Cyclic AMP (cAMP) and cyclic GMP (cGMP), critical second messengers, play an important role in regulating central nervous system’s functions, such as emotion-related learning and memory in addition to nerve growth and regeneration [128]. Cyclic nucleotide phosphodiesterases (PDEs) are a super-family of enzymes that are involved in the regulation of the intracellular second messengers cAMP and cGMP, by controlling their rates of degradation. Since PDEs have been demonstrated to play distinct roles in the process of emotion as well as learning and memory, selective PDE inhibitors could also help modulate mood disorders. The effects of specific PDE inhibitors as pharmacological agents on depression and anxiety are a field of high research interest. It has found that PDE2 inhibition is able to inhibit oxidative stress-induced anxiety in mice [77]. A noted anxiolytic effect of two PDE2 inhibitors, Bay 60-7550 and ND7001, was observed in the elevated plus-maze and open field test in stressed mice. The related mechanism is demonstrated by primary neuronal cultures, which suggest that Bay 60-7550 and ND7001 decrease reactive oxygen species generation and improve the total antioxidant capacity in cerebral cortical neurons. These behavioral and neuro-chemical results support the notion that PDE2 may be a pharmacological target for treatment of neuropsychiatric diseases, which is involved in their antioxidant actions.

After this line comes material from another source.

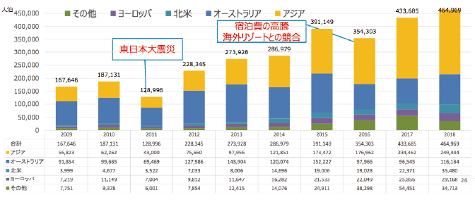 外国人宿泊延数の推移(国別10年比)(倶知安町:2008ー2018)

Another phosphodiesterase subtype, PDE4, has also been implicated in various disorders such as depression, anxiety, and inflammation-related disorders ten years ago. However, causal links among these actions with antioxidant effects by rolipram, a non-selective PDE4 inhibitor, have not been established. To date, a growing body of evidence suggests that PDE4 inhibitors alleviate the depressive-like behaviors, which is at least in part mediated by modulating oxidative stress status in animal brains [4]. However, there remain large gaps in our understanding of major contributions of PDE4 inhibitors on depression and anxiety by regulation of oxidative/antioxidant parameters. The reason for this lack of understanding is that the same as the lack of knowledge about the major aspects of oxidative stress and its overall contributions to emotional disorder.

To fully elucidate the role of oxidative stress in the development of mood disorders like depression and anxiety, there must be several questions answered:

What are the molecular mechanism and the relationship between oxidative stress and neuroinflammatory changes in mood disorders?

How do specific second messengers, such as cyclic nucleotides, kinases and transcription factors, affect depression and anxiety?

What are the mechanisms and roles for oxidative stress in the development and plasticity of neuronal circuitry?

Can neuronal dysfunction and degeneration be prevented by interventions that sustain mitochondrial function?

Can synaptic plasticity and depressive- and anxiety-like behaviors be reversed by interventions that target oxidative stress?

How do changes in oxidative stress mediate the effects of environmental factors that either improve (exercise, dietary energy restriction) or worsen (diabetes, overeating and a sedentary lifestyle) brain health?

As these questions become answered, the prospect of novel research strategies into the treatment of depression and anxiety may come to fruition, a welcome relief to all those presently suffering who may feel abandoned without suitable treatments options. The advent of the aforementioned knowledge may take years to identify but a journey with high rewards at its conclusion.